About this exercise> Everything in the listing must be repeated exactly, apart from the images.

Segment Start: Data for this exercise

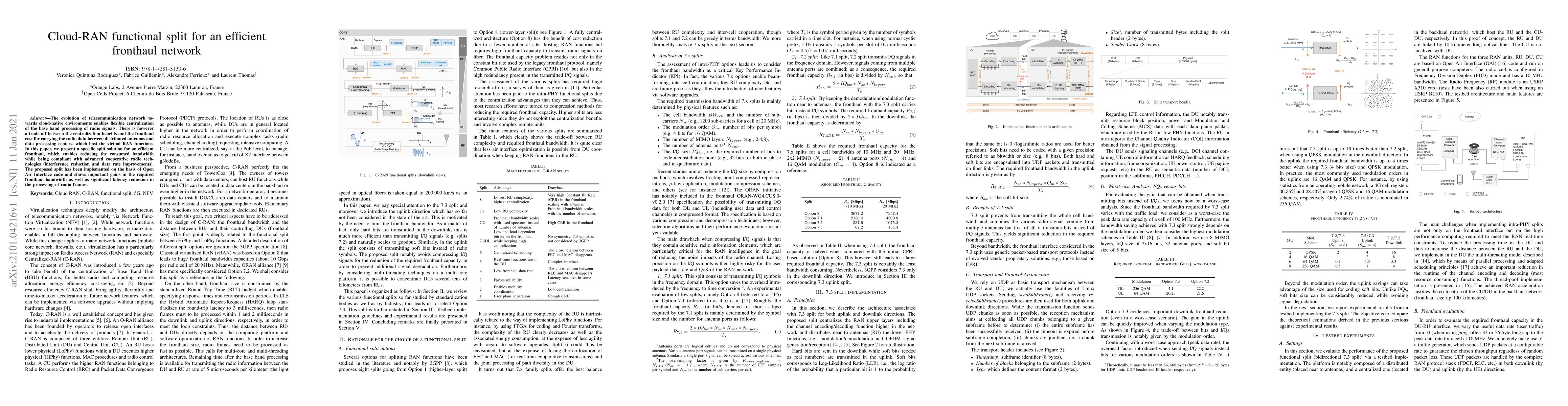 This paper proposes a functional split solution for Cloud-RAN to optimize fronthaul networks, balancing centralization benefits with reduced fronthaul costs and bandwidth consumption, while enhancing cooperative radio technologies. The solution demonstrates significant improvements in fronthaul bandwidth and latency reduction, validated through Open Air Interface implementation.
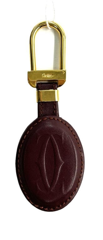 MUST DE CARTIER KEY CHAIN. Burgundy Calf Skin Leather Tag With Cartier Logo, Gold Tone Hardware, Key Chain Length 9.5Cm, Includes Original Box And Dust Cover. Condition: Good - Refer To Images 162942+32752
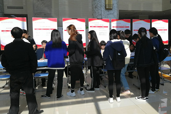 11月23日中午,学院2018-2019学年勤工助学招聘会在图书馆一楼举行。本次招聘会共设44个校内勤工助学岗位,吸引了上百名学生前来参加。
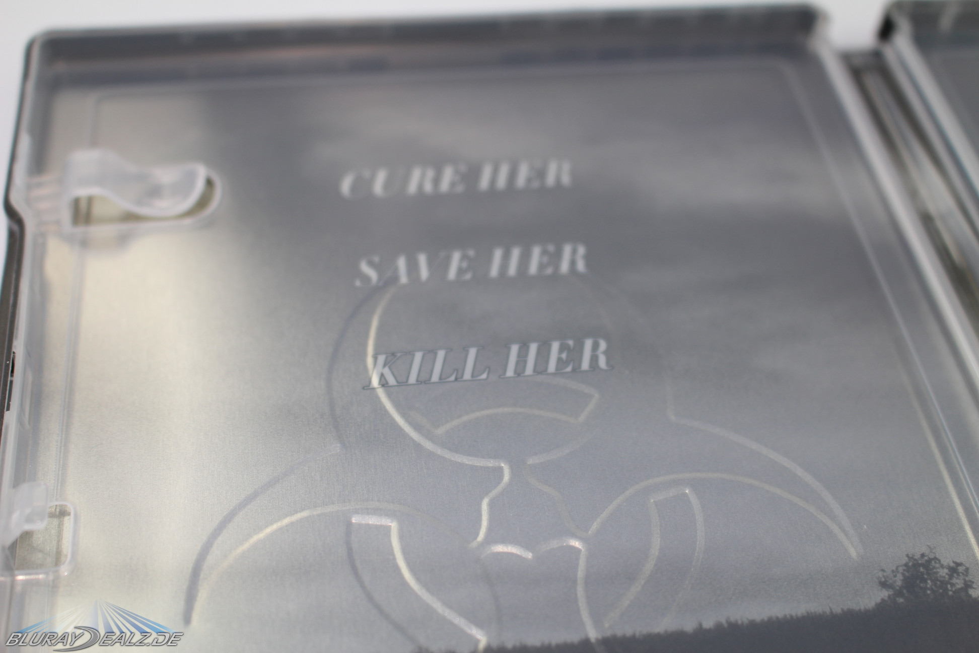 Das Cover sonst ist in anthrazit-grau (oberer Bereich) bzw. in gedecktem Weiß (unterer Bereich, Nebel/Wolken) gehalten. Es ist matt, hat dabei aber etwas Edles mit leichtem Glanz . Der Titel des Filmes steht oben, dahinter und je nach Lichteinfall auf das Cover scheinbar auch davor stehen einige handschriftliche, für mich leider nicht erkennbare Worte. Diese wirken wie in das Steel eingekratzt, sind es aber natürlich nicht. In der gleichen Schrift steht im unteren Bereich mitten im Nebel/in den Wolken „SAVE HER“. Ebenfalls nur sehr schwer zu erkennen – wirkt aber wirklich gut.
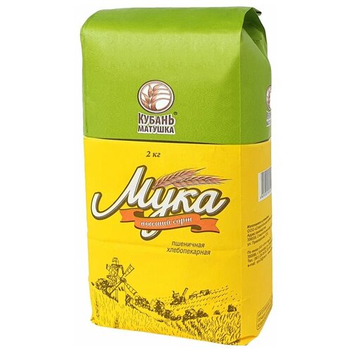 Мука пшеничная высший сорт хлебопекарная ГОСТ "Кубань Матушка" 2 кг, 2 пачки
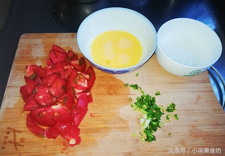 2、西红柿切小块,鸡蛋打碗里,打成蛋液,葱切成细葱花。
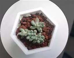 荒玉为番杏科生石花属,原产南非。株体呈白粉色,表面布满凹凸纹路,凹陷处为红褐色,每年秋季开黄花。
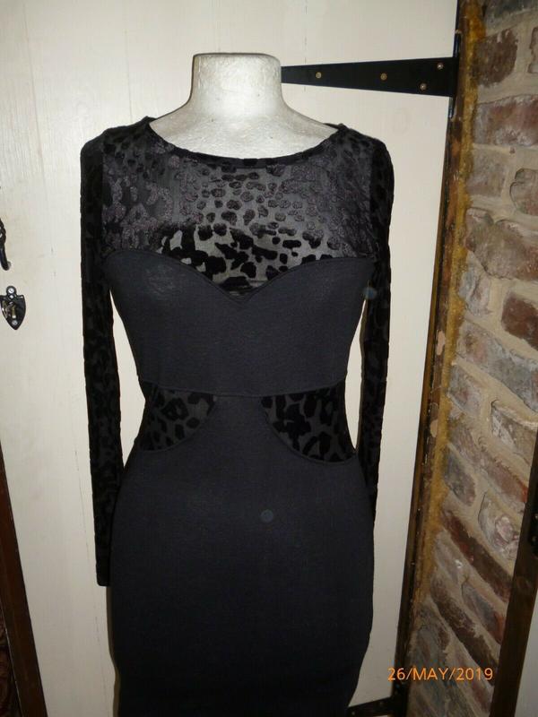 платье тёмно-синего цвета рукава сетка и бархатный леопардовый принт. р.10/38
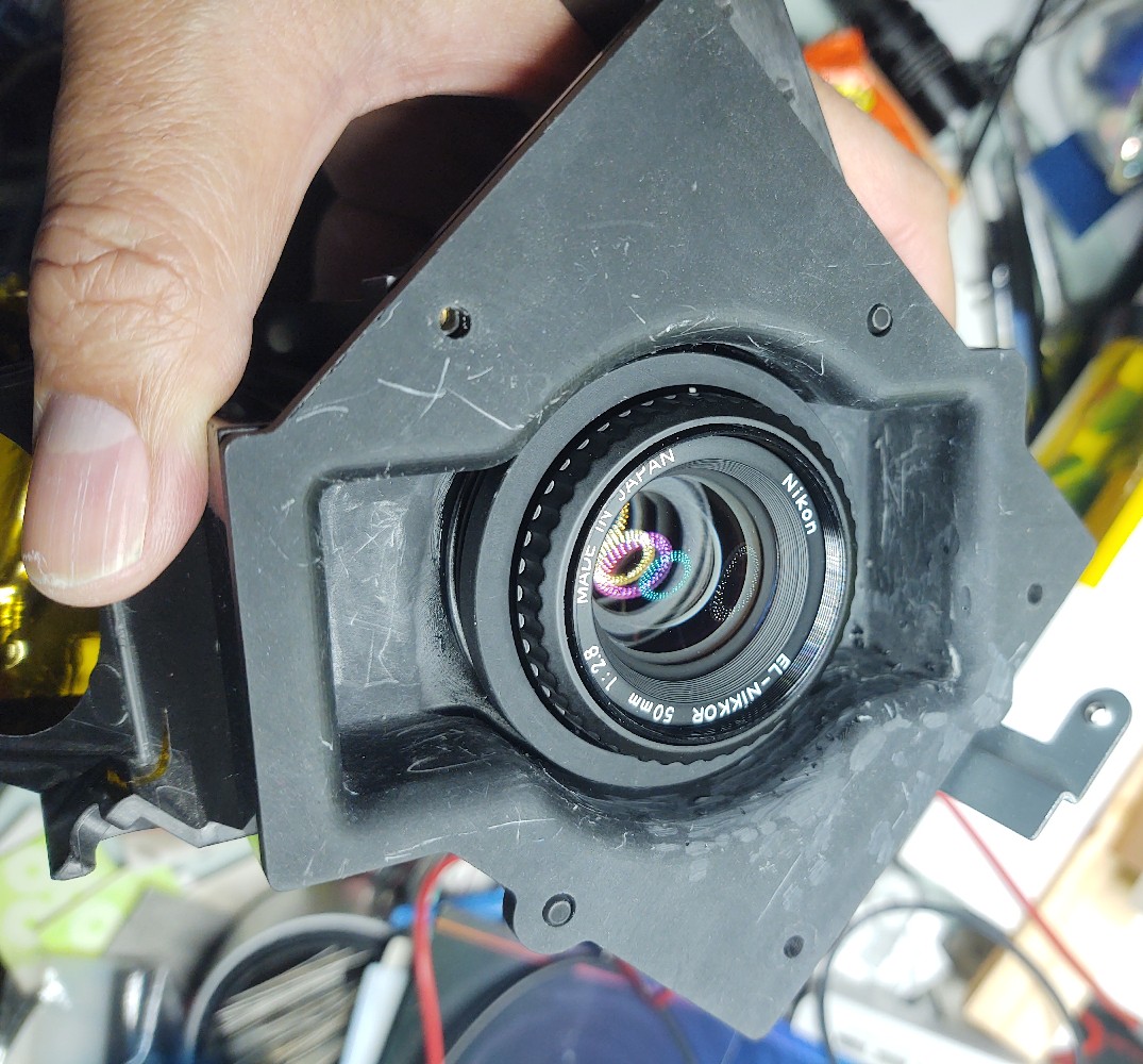 As for the adapter, I need to add a helicoid to my adapter plate and then an adapter helicoid for the Nikkor. I sort of tested the magnification and was slightly disappointed. I mean they are for enlargers right? I'll probably get a 20mm or 30mm Nikkor. In the meantime (I sound like I can actually make an image), I have a vintage vivitar 20mm which I also tested for UV. Interestingly it did actually output UV light. Slightly dimmer because it is a much enlarged image. I'm gonna try to get both lenses to work on the same plate helicoid.
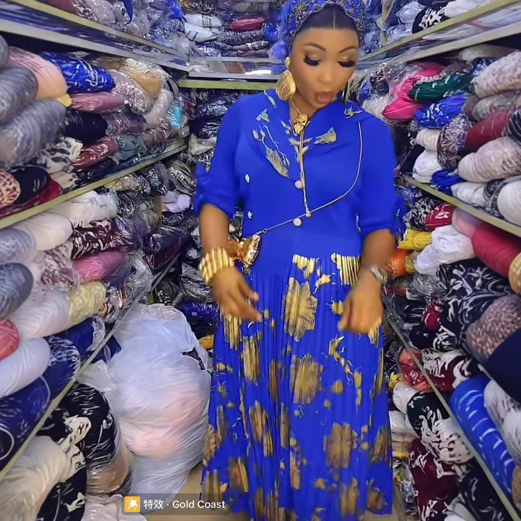 Miyake Perdagangan Luar Negeri Model Baru 2025 Gaun Wanita Grosir Musim Semi Ukuran Besar Modis Kasual Bersablon Emas

Segment End: Data for this exercise

Solution to this task>
 This paper proposes a functional split solution for Cloud-RAN to optimize fronthaul networks, balancing centralization benefits with reduced fronthaul costs and bandwidth consumption, while enhancing cooperative radio technologies. The solution demonstrates significant improvements in fronthaul bandwidth and latency reduction, validated through Open Air Interface implementation.
 MUST DE CARTIER KEY CHAIN. Burgundy Calf Skin Leather Tag With Cartier Logo, Gold Tone Hardware, Key Chain Length 9.5Cm, Includes Original Box And Dust Cover. Condition: Good - Refer To Images 162942+32752
 11月23日中午,学院2018-2019学年勤工助学招聘会在图书馆一楼举行。本次招聘会共设44个校内勤工助学岗位,吸引了上百名学生前来参加。
 Das Cover sonst ist in anthrazit-grau (oberer Bereich) bzw. in gedecktem Weiß (unterer Bereich, Nebel/Wolken) gehalten. Es ist matt, hat dabei aber etwas Edles mit leichtem Glanz . Der Titel des Filmes steht oben, dahinter und je nach Lichteinfall auf das Cover scheinbar auch davor stehen einige handschriftliche, für mich leider nicht erkennbare Worte. Diese wirken wie in das Steel eingekratzt, sind es aber natürlich nicht. In der gleichen Schrift steht im unteren Bereich mitten im Nebel/in den Wolken „SAVE HER“. Ebenfalls nur sehr schwer zu erkennen – wirkt aber wirklich gut.
 Мука пшеничная высший сорт хлебопекарная ГОСТ "Кубань Матушка" 2 кг, 2 пачки
 2、西红柿切小块,鸡蛋打碗里,打成蛋液,葱切成细葱花。
 荒玉为番杏科生石花属,原产南非。株体呈白粉色,表面布满凹凸纹路,凹陷处为红褐色,每年秋季开黄花。
 платье тёмно-синего цвета рукава сетка и бархатный леопардовый принт. р.10/38
 As for the adapter, I need to add a helicoid to my adapter plate and then an adapter helicoid for the Nikkor. I sort of tested the magnification and was slightly disappointed. I mean they are for enlargers right? I'll probably get a 20mm or 30mm Nikkor. In the meantime (I sound like I can actually make an image), I have a vintage vivitar 20mm which I also tested for UV. Interestingly it did actually output UV light. Slightly dimmer because it is a much enlarged image. I'm gonna try to get both lenses to work on the same plate helicoid.
 Miyake Perdagangan Luar Negeri Model Baru 2025 Gaun Wanita Grosir Musim Semi Ukuran Besar Modis Kasual Bersablon Emas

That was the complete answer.